In this Chjango Unchained video, the host Chjango, is joined by Jae Kwon, Founder of Cosmos and Co-Founder of Tendermint, to discuss why he opposed ATOM 2.0, the ATOM token model, governance, liquid staking, and more.
Read our notes below to learn more.
Jae Kwon’s Background
Blockchain software architect.
Founder of Cosmos and Co-Founder of Tendermint.
President of the Interchain Foundation.
Opposal of Atom 2.0 Proposal
(Learn more about the Atom 2.0 proposal situation)
Problem with whitepaper and how the proposal was pushed.
Proponents are deaf to the criticism.
If there are flaws to the proposal, it should not be passed.
40 million to 500 million ATOM going in treasury not controlled by the cosmos hub governance.
The reason for this inflation was to turn ATOM into money.
Same thing can be achieved with Cosmos by removing the minimum bound of inflation of 7 percent.
As interchain security is adopted and more revenue is earned, inflation will go down.
If cash is needed on Cosmos Hub, increasing the existing tax mechanism can be considered.
The revenue will then go into the community pool to be spent.
ATOM Token Model
Partially solved the problem with federated sidechains.
One more step required is ICS (Interchain Security).
Enables the same validator set to run more blockchains in parallel.
Transaction fee revenue is super profitable.
Validator Fees Reward
People will pay for convenience
Don't want to limit supply and create artificial scarcity.
Cosmos hub validator set should ideally be permissionless in the long run.
Governance on New Chains
Hub validators can decide whether a new chain is worthy of being secured.
Once ICS is running, anyone who bonds or pays enough of a deposit, it’ll just happen automatically.
Current governance group is not transparent.
Minting transaction features should be removed as inflating through governance was a huge mistake.
Liquid Staking
Liquid staking has its issues (e.g. governance risk, hostile takeovers, liquidity crunch, validators compounding representation).
One of the solutions was to limit liquid staking (e.g. taxing over-staking from certain accounts).
Price can be manipulated when a validator gets slashed, which results in the amount of ATOM being unbonded from the liquid staking going down.
Liquid staking can be stopped by limiting interchain account staking.
Chjango
The way liquid staking is currently proposed has great intention but is a naive design
Bad for security and trades off decentralization.

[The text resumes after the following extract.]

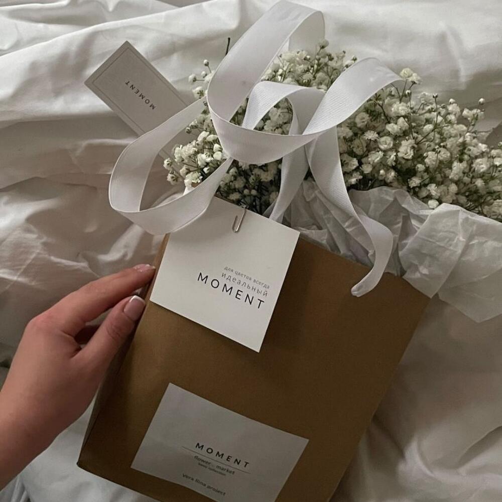 Композиция гипсофила, не требует вазы, цветы уже находятся в воде. Достаточно поливать композицию раз в несколько дней Все наши композиции мы доставляем в фирменном оформлении. Пакет мы используем для комфортной транспортировки цветов, и это стало неотъемлемой частью нашего оригинального дизайна М О М Е N ТПреимущественно, мы используем натуральные материалы для изготовления своих продуктов.Moment- eco friendly brandПо желанию, подпишем карточку к вашему букету, укажите это в примечаниях.Ценность нашей работы в ваших лучших М О М Е N Т ах.

PHOTON (secondary fee token)
PHOTON seems like liquid staking but it's not.
Cosmo Hub does not need PHOTON to work .
Latest version will rename it to deflationary ATOM.
There is a maximum number of deflationary ATOM that can exist.
If you take all the free ATOM and bond them, you’ll get 1 billion deflationary ATOM.
You can choose to turn the deflationary ATOM into inflationary ATOM to participate in the Cosmos hub staking
Essentially, every deflationary ATOM is backed by an inflationary ATOM.
ATOM 0
An attempt to even the playing field between ATOM 1 and 2.
A flaw was pointed out and it wasn’t supported as a result.
Intent was to raise the bar for new proposals to be accepted.